To our knowledge, Ceratobasidium species have never been previously reported as a pathogen of watermelon anywhere in the United States. The disease was first observed on watermelon in May 2002 near Coolidge, AZ. The field was irrigated by sub-surface drip and had been minimally tilled after barley. In other occurrences in Eloy and Litchfield, AZ, the fields also were irrigated by sub-surface drip but were conventionally tilled and rotated from cotton or potatoes. Both pollinator and seedless varieties were symptomatic in affected fields. This disease has been observed sporadically in different locations over the past 10 years in Arizona, and its impact on yield is unknown. In most cases, plants either remained smaller but with no further symptom development or they recovered as temperatures increased in late May and early June. However severe losses were reported in Italy from genetically identical isolates, increasing concern about impact of the disease in Arizona. Because of the recent reports in Italy and confirmed incidences in major watermelon production areas in Arizona, this disease should be recognized as a potential problem in watermelon.

Literature Cited

1. Aiello, D., Vitale, A., Hyakumachi, M., and Polizzi, G. 2012. Molecular characterization and pathogenicity of binucleate Rhizoctonia AG-F associated to the watermelon vine decline in Italy. Eur. J. Plant Pathol. 134:161-165.

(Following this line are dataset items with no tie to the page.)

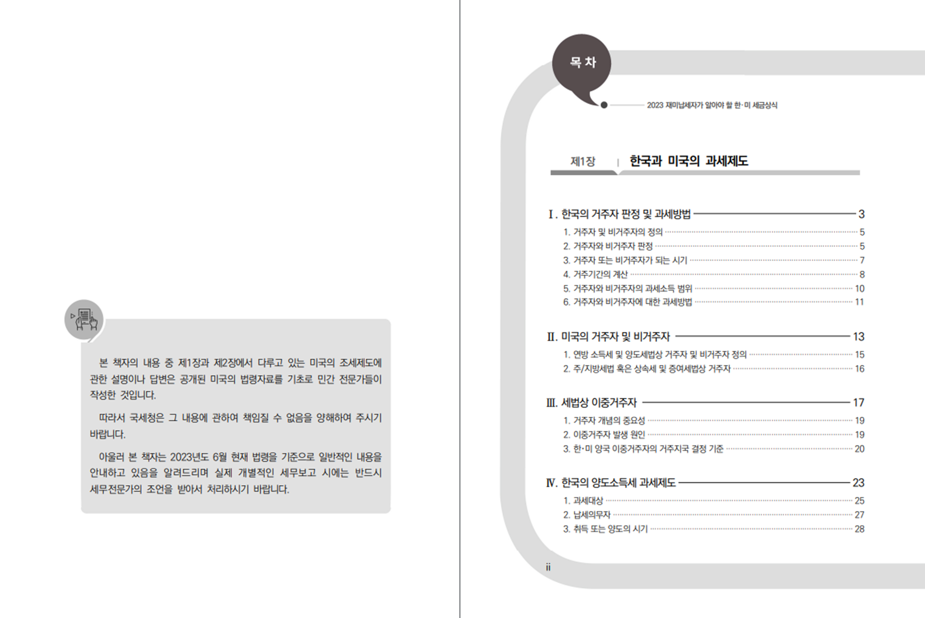 한국 납세자면서 미국 납세자가 많은 상황을 고려해서 국세청에서는 작년에 <2023 재미 납세자가 알아야 할 한미 세금상식>이라는 책자를 발간했습니다. 이 책은 미국 시민권자 또는 영주권자, 또는 미국 거주자가 한국에 내야 하는 세금 정보뿐만 아니라 이들이 신경 써야 하는 미국 세금 정보 또한 한국어로 설명되어 있어서 한국 미국 세금을 다 알아볼 수 있는 장점이 있습니다.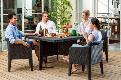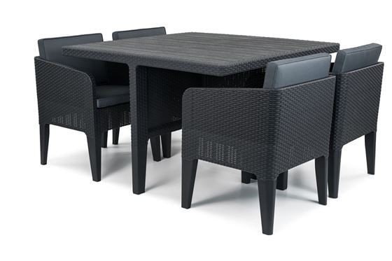 Комплект садовой мебели Columbia dining set (4 кресла +стол) , состоящий из 5 элементов, характеризуется исключительно современным и элегантным дизайном - вдохновленным натуральным ротанговым плетением.
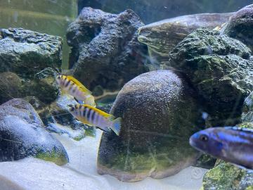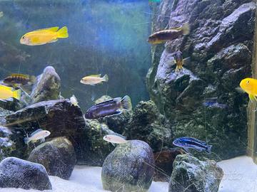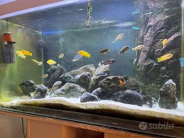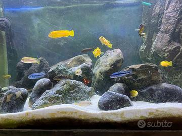 Vendo acquario con una ventina di Ciclidi africani del Malawi mis. 100x60x60 con supporto

2. Bandoni, R. J. 1979. Safranin O as a rapid stain for fungi. Mycologia 71:873-874.

3. Sharon, M., Freeman, S., Kuminaga, S. and Sneh, B. 2007. Genetic diversity, anastomosis groups and virulence of Rhizoctonia spp. from strawberry. Eur. J. Plant Pathol. 117:247-265.

4. White, T. J., Bruns, T., Lee, S., and Taylor, J. 1990. Amplification and direct sequencing of fungal ribosomal RNA genes for phylogenetics. Pages 315-322 in: PCR Protocols: A Guide to Methods and Applications. M. A. Innis, D. H. Gelfand, J. J. Sninsky, and T. J. White, eds. Academic Press, San Diego, CA.